An inadequate school is the outcome of multiple internal and external factors, many beyond the schools’ control. The performance of one particular cohort of students that may constitute a tiny proportion of the student body, and not be reflective of overall student success. Teacher retention and morale is often observed in the context of pay cuts and increased workload. The performance of one subject is not reflective of the performance of a school as a whole.
The personal toll was made horrifyingly apparent with the suicide of Ruth Perry and there are countless other examples of the personal cost of such a system. I personally turned down a promotion, actually choosing a demotion – with all the subsequent financial implications – due to the pressure of an inspection I knew was due in the next year.
Is it any surprise that, after spending 30 years sacrificing family, evenings and weekends only to be very publicly told they have failed, many of our most fantastic and experienced educators have decided it’s not worth it?
I have absolutely had doubts about staying in my profession, and continue to now. I know there is not a correlation between how hard I work, the impact I’ve actually had on students’ lives and how effective I am, and an Ofsted rating.

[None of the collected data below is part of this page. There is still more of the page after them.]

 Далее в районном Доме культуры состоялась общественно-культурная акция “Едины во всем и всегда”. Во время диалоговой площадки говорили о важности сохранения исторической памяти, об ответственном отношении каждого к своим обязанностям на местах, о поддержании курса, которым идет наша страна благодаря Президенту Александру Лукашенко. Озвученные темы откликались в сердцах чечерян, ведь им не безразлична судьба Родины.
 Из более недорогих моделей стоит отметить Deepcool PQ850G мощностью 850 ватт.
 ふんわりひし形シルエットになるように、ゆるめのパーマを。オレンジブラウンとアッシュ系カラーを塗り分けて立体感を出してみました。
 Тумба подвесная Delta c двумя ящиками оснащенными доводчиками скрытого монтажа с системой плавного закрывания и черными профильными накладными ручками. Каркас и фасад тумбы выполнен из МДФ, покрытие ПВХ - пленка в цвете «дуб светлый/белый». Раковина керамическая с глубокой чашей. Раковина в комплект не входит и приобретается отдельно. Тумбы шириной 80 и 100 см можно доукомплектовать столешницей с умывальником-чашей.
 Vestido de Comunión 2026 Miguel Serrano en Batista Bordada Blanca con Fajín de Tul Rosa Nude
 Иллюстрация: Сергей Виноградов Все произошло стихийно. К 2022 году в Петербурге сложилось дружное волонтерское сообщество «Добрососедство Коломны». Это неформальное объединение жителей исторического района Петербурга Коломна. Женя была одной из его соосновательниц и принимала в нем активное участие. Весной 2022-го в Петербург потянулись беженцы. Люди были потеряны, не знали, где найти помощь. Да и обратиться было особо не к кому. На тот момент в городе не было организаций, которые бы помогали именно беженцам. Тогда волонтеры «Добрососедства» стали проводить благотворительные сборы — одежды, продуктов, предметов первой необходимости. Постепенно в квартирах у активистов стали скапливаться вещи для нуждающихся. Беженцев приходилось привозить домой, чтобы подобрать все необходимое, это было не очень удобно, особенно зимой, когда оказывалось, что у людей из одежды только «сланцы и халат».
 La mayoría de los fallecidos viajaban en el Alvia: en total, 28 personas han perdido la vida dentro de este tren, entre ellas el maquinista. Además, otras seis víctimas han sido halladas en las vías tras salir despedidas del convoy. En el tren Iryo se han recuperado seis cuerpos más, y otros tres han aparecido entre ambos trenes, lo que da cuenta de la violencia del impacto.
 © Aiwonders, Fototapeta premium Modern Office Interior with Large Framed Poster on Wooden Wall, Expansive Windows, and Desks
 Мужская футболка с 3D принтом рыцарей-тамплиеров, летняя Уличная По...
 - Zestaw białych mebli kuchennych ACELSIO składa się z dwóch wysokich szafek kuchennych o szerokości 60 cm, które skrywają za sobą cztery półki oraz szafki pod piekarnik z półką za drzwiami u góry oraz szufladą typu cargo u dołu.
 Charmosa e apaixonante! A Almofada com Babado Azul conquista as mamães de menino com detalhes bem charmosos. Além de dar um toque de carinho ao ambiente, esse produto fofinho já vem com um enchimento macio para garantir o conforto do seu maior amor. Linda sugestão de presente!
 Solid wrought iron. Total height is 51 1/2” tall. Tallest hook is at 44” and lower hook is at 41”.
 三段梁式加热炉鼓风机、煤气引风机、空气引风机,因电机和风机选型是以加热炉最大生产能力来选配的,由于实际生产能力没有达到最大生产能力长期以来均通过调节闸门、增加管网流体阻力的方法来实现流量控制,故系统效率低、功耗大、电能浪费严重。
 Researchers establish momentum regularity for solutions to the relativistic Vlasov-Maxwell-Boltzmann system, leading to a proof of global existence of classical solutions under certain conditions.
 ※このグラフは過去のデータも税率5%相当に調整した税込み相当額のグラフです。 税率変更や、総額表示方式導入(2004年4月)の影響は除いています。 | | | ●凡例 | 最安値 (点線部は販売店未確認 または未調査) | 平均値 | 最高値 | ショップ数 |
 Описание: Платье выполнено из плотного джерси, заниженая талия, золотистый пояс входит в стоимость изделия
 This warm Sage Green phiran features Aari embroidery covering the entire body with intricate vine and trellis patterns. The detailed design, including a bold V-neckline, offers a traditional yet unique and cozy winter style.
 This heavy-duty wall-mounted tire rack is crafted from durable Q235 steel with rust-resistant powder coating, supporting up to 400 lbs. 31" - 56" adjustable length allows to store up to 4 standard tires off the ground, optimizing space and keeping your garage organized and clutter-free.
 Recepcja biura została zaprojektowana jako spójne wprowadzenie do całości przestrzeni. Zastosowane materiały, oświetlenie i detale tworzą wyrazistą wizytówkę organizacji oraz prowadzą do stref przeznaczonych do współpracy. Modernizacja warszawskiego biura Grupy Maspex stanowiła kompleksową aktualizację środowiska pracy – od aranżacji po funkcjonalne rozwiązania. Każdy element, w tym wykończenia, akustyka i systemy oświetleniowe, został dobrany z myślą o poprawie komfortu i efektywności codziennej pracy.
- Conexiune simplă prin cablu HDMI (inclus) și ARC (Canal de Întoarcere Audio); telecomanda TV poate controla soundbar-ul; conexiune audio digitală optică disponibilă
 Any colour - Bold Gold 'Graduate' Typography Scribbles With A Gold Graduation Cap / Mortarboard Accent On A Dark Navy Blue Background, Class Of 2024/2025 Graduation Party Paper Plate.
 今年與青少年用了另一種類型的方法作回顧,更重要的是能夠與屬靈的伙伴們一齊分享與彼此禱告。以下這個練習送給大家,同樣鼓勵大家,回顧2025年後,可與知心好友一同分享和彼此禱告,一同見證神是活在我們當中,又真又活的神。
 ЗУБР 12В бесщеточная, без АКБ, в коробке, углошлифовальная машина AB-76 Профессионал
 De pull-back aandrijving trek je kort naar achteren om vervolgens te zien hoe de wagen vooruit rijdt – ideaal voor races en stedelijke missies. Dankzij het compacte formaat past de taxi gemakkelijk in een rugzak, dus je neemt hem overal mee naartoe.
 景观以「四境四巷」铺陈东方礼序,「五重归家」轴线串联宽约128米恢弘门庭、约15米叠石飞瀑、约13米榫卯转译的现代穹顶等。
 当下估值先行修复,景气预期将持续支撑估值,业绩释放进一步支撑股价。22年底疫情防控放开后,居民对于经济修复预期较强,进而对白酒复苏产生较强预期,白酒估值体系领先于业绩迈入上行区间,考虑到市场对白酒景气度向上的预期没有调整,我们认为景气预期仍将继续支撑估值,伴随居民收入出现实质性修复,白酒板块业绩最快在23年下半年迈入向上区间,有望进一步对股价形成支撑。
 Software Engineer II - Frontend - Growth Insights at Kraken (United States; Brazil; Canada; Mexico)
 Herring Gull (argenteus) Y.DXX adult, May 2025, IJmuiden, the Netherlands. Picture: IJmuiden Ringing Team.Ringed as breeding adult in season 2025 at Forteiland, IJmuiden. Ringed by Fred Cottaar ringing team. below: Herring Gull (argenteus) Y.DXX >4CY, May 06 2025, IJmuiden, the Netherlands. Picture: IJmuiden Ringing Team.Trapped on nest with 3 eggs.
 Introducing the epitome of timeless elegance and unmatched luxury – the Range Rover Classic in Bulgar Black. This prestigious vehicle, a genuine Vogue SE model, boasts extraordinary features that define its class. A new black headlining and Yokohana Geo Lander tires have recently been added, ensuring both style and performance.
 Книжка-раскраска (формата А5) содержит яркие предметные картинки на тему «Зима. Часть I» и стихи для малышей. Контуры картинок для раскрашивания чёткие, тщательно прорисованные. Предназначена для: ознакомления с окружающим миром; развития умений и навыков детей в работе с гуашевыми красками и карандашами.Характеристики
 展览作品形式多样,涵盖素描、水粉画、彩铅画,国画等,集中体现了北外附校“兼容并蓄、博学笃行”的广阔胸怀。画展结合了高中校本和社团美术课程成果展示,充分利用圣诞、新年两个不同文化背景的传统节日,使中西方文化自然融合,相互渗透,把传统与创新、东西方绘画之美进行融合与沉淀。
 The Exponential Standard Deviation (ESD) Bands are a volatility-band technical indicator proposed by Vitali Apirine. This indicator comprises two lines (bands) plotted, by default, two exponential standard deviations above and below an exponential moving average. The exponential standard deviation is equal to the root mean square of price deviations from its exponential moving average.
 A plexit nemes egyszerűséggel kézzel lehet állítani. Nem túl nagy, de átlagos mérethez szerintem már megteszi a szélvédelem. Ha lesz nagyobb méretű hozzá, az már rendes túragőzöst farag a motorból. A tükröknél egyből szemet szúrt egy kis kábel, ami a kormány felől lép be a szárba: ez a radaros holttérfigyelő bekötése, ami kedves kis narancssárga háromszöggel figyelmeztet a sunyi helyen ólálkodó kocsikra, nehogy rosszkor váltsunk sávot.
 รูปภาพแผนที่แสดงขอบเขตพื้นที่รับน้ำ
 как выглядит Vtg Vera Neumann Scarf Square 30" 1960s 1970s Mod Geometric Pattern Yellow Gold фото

Teacher absence is endemic and when teachers leave the profession, students no longer have the skilled, experienced educators who are happy and willing to make the sacrifices to help them. Supply teachers and lesson covers do their best but students do not get the continuity they deserve.
If I’m being honest, while I am in favour of the outcome, my flare of interest in the scrapping of single-word judgements quickly extinguished as I returned to preparing for the upcoming term.
It’s a nice analogy of the relationship between Ofsted and teaching: publicly available headlines generate a lot of attention while the actual work of educating carries on regardless and is often unheeded by parents and the government.
If today’s announcement is the first step towards a fundamental overhaul of how we assess education – one based on long-term partnership between schools, leaders and government, with the common aim of improving the lives of children together – then it could be the start of a genuinely pivotal turning point for our country.
The new assessment framework, released last summer under the previous government, awards Outstanding, Good, Requires Improvement or Inadequate over four subcategories: quality of education, behaviour, leadership and personal development.
The focus is on the right things and enables different judgements for different areas of the school: for example, a RI school may still have student outcomes that are Good.
Yet what could, and indeed should be happening, is discussion about how these link to wider societal conditions. How will the new Labour government work with schools to address failings? How can Ofsted work with individual schools, in partnership, to address issues identified?
We also will still have to wait until next September and the introduction of a ‘Report Cards’ system to really see how change is being implemented. But if we can get this right, the benefits to teachers, parents, students and ultimately society could be immeasurable.
Let’s hope that removing one-word judgements is just the first welcome change on the road to building an education system that allows all children to thrive. A system that is funded, respected and effective will be the bedrock of any successful society.
The current inspection system does not support this. It simply adds to the societal failings that schools are striving to address.